#### Work item
The whole listing is to be restated word for word with no images.

#### Data
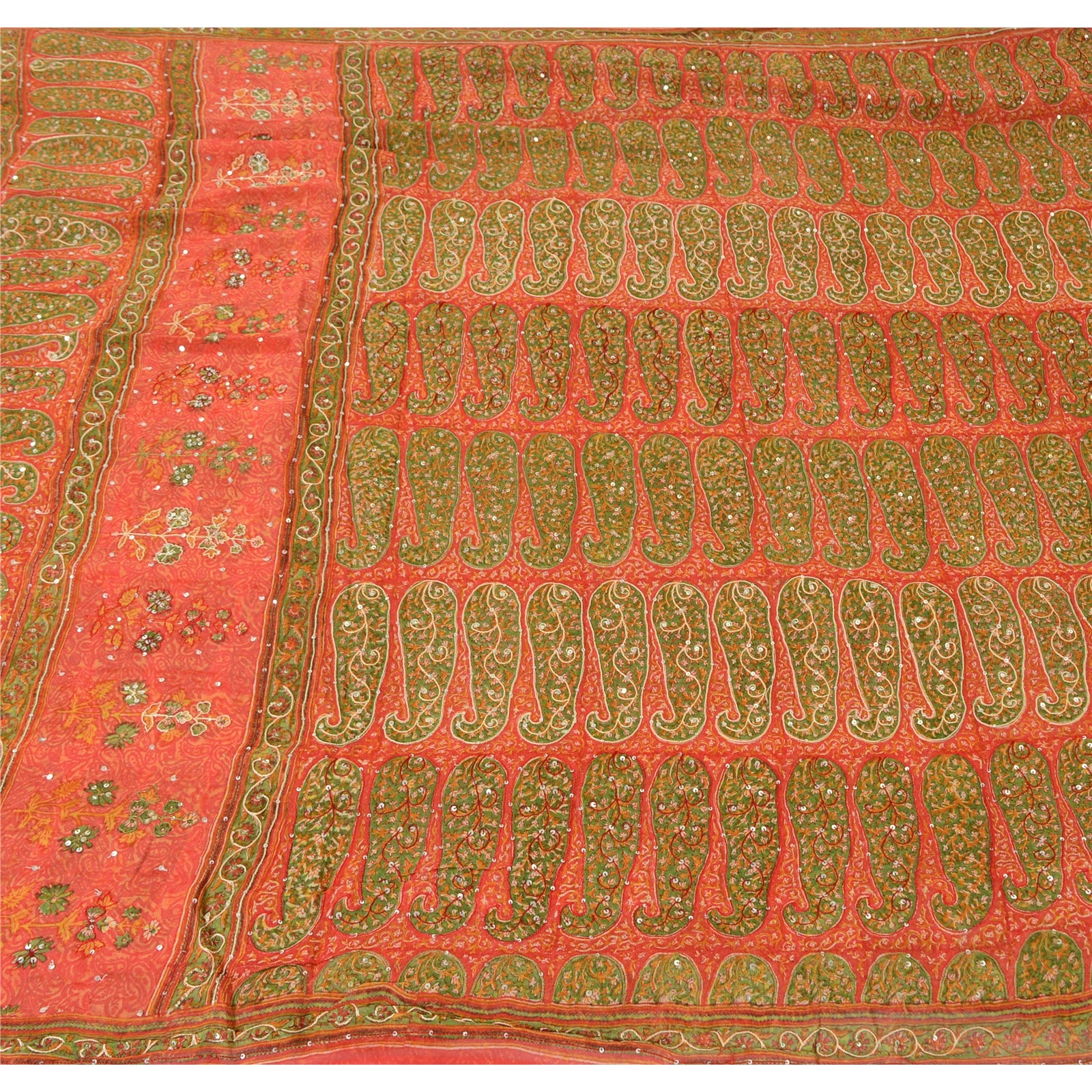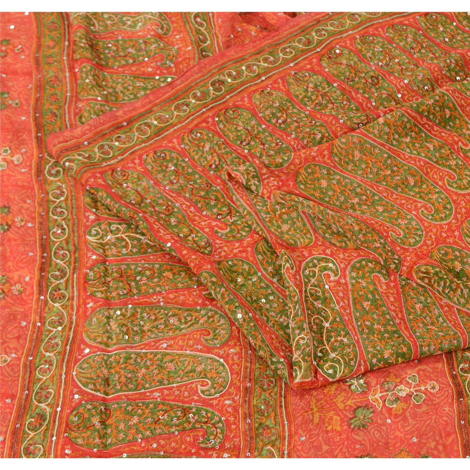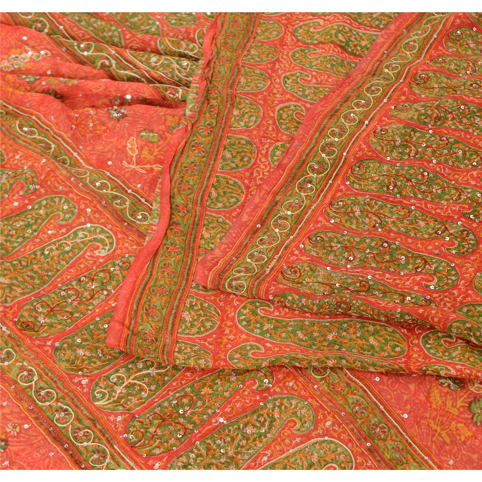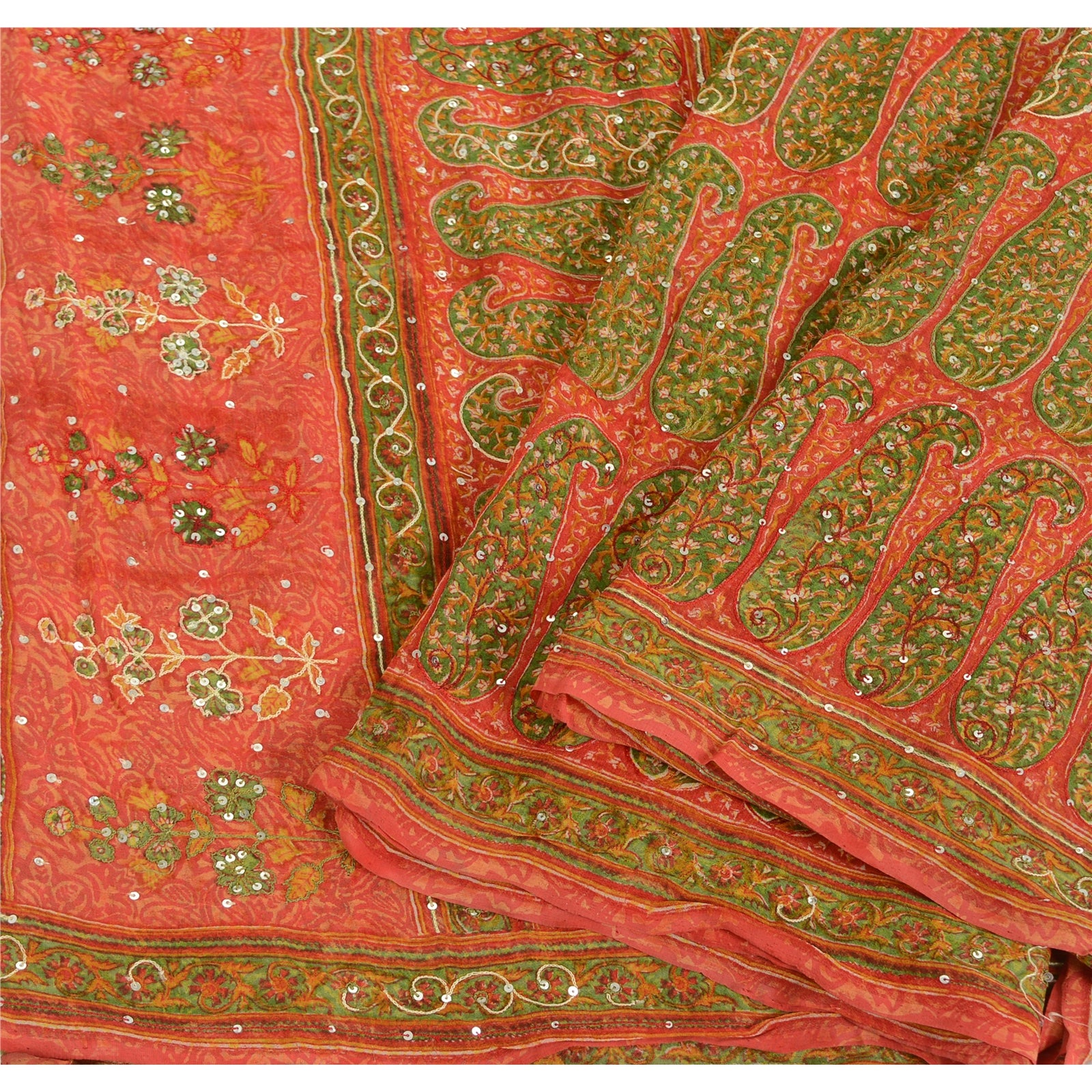 THE ITEM COLOR OR SHADE MAY BE DARKER OR LIGHTER THAN THE PICTURE.' • Beautiful red colored hand embroidered printed pure georgette silk sari • Pallu & Border features floral design embellished with green/cream color thread work and silvers sequins work. • There are floral motifs with similar work in center part of sari. Sparkling silver sequins work with floral design on red color base fabric is really enhancing the beauty of the saree. This unique vintage saree can be used for various crafting ideas even if you don't want to use it as a sari. Design a dress, use it as a throw, as window dressing, upholstery, sarongs, table linen and much more. Let your creative juices flow and use this decorated fabric in multiple fashion. Shipping note: International buyers please note: Import duties, taxes, and charges are not included in the item price or postage cost. These charges are the buyer's responsibility. Please check with your country's customs office to determine what these additional costs will be prior to bidding or buying. Buyer will pay custom duty/tax. It is calculated and charged differently by every country. As a seller I do not have any control over it. VAT or sales tax is calculated by the platform at the time of checkout. Customs charge is payable at the time of delivery.
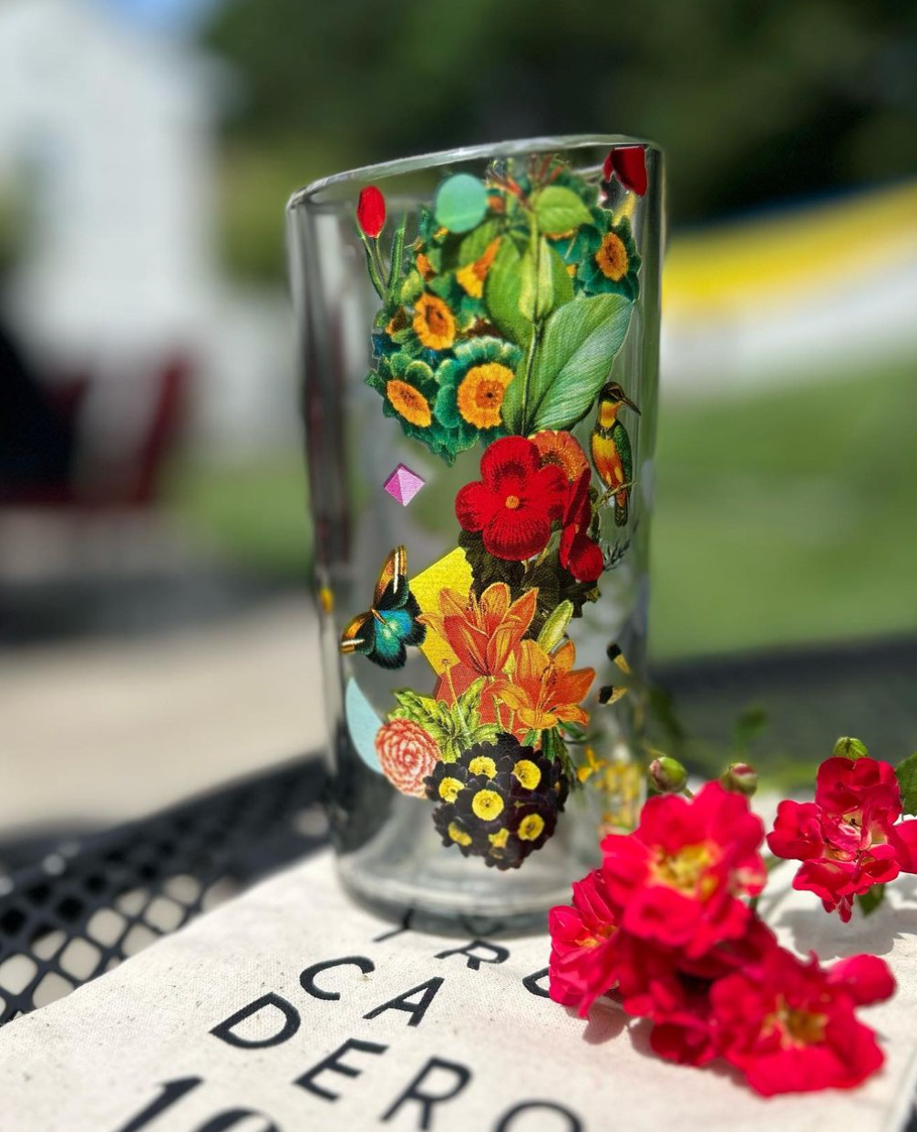 The Trocadero 1903 Flowers glasses are handmade from up-cycled rosé bottles. These floral glasses bring a touch of vibrant color to your everyday kitchen.
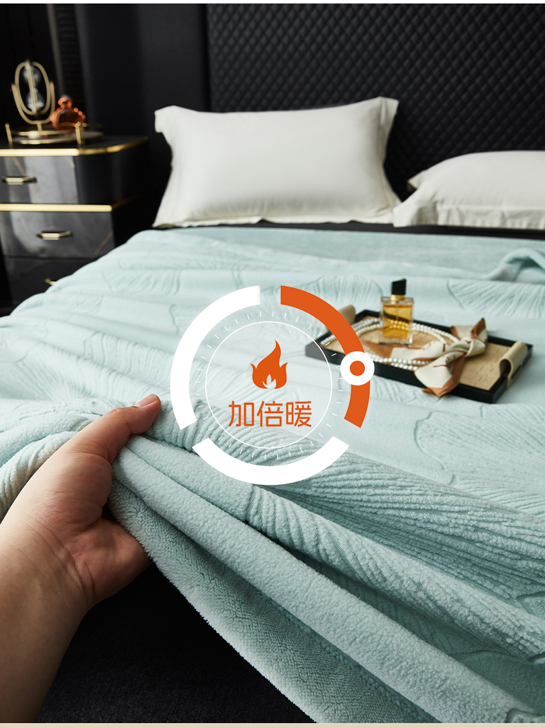 商品名称:凯轩毛毯网销专供 2025新款单层雕花毯毛毯婚庆毯保暖毯子 银杏叶 浅绿
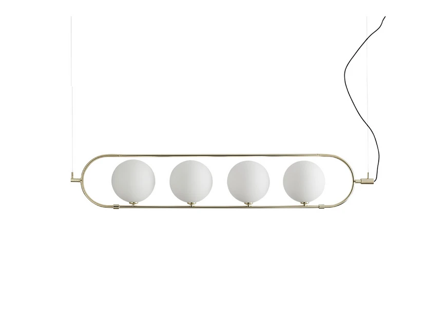 Abbacus Pendant lamp Light Gold is a beautiful lighting collection created by lighting designer Pepe Fornas for Spanish brand Aromas del Campo in 2018. The collection consists of pendant lamp lights, floor, table and wall lights in several beautiful colours, all with the same consistent design. The lamp has a soft design language due to the many arches and curves on the frame and the beautiful, spherical lampshade in opal glass. The frame beautifully frames the lampshade, making it the visual centre of the lamp. This effect is emphasised when the lamp is switched on, and the lampshade lights up in a harmonious and uniform glow. As the lampshade is spherical, the light spreads evenly to all sides, creating practical all-round lighting.

#### Exercise answer
 THE ITEM COLOR OR SHADE MAY BE DARKER OR LIGHTER THAN THE PICTURE.' • Beautiful red colored hand embroidered printed pure georgette silk sari • Pallu & Border features floral design embellished with green/cream color thread work and silvers sequins work. • There are floral motifs with similar work in center part of sari. Sparkling silver sequins work with floral design on red color base fabric is really enhancing the beauty of the saree. This unique vintage saree can be used for various crafting ideas even if you don't want to use it as a sari. Design a dress, use it as a throw, as window dressing, upholstery, sarongs, table linen and much more. Let your creative juices flow and use this decorated fabric in multiple fashion. Shipping note: International buyers please note: Import duties, taxes, and charges are not included in the item price or postage cost. These charges are the buyer's responsibility. Please check with your country's customs office to determine what these additional costs will be prior to bidding or buying. Buyer will pay custom duty/tax. It is calculated and charged differently by every country. As a seller I do not have any control over it. VAT or sales tax is calculated by the platform at the time of checkout. Customs charge is payable at the time of delivery.
 The Trocadero 1903 Flowers glasses are handmade from up-cycled rosé bottles. These floral glasses bring a touch of vibrant color to your everyday kitchen.
 商品名称:凯轩毛毯网销专供 2025新款单层雕花毯毛毯婚庆毯保暖毯子 银杏叶 浅绿
 Abbacus Pendant lamp Light Gold is a beautiful lighting collection created by lighting designer Pepe Fornas for Spanish brand Aromas del Campo in 2018. The collection consists of pendant lamp lights, floor, table and wall lights in several beautiful colours, all with the same consistent design. The lamp has a soft design language due to the many arches and curves on the frame and the beautiful, spherical lampshade in opal glass. The frame beautifully frames the lampshade, making it the visual centre of the lamp. This effect is emphasised when the lamp is switched on, and the lampshade lights up in a harmonious and uniform glow. As the lampshade is spherical, the light spreads evenly to all sides, creating practical all-round lighting.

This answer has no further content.